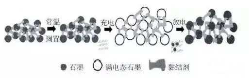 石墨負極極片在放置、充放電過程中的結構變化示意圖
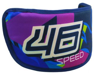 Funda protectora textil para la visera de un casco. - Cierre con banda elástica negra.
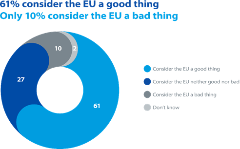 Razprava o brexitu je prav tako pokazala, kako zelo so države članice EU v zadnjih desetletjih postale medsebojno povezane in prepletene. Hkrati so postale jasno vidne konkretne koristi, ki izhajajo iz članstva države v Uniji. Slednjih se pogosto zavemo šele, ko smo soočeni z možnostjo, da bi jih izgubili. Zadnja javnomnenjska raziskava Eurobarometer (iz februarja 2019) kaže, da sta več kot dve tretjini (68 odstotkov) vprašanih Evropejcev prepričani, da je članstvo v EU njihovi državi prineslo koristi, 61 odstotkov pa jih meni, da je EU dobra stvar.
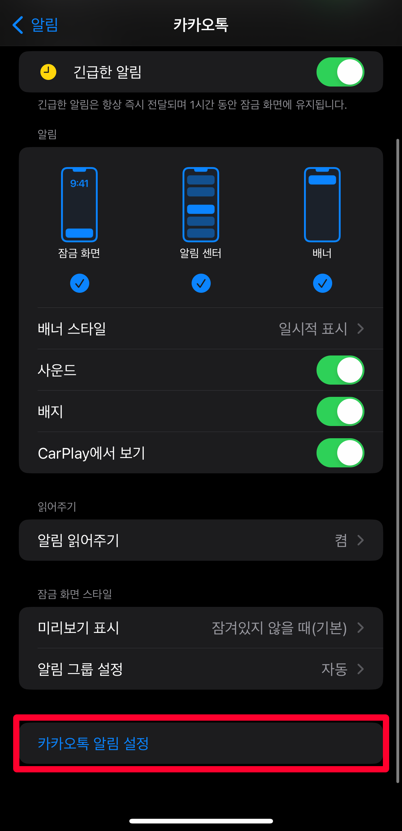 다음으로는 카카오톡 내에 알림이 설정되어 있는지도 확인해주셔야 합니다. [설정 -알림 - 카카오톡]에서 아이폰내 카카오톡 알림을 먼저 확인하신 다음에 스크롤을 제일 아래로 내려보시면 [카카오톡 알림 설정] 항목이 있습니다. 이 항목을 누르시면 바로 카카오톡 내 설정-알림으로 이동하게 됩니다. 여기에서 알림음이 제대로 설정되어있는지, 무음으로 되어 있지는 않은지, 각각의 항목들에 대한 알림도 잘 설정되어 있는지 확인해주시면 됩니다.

### AIM OF THE EXERCISE
The answer must be the lines above, word for word, from the first one through the line with "Funda protectora textil", pictures excluded.

### REPLY
 石墨負極極片在放置、充放電過程中的結構變化示意圖
 Funda protectora textil para la visera de un casco. - Cierre con banda elástica negra.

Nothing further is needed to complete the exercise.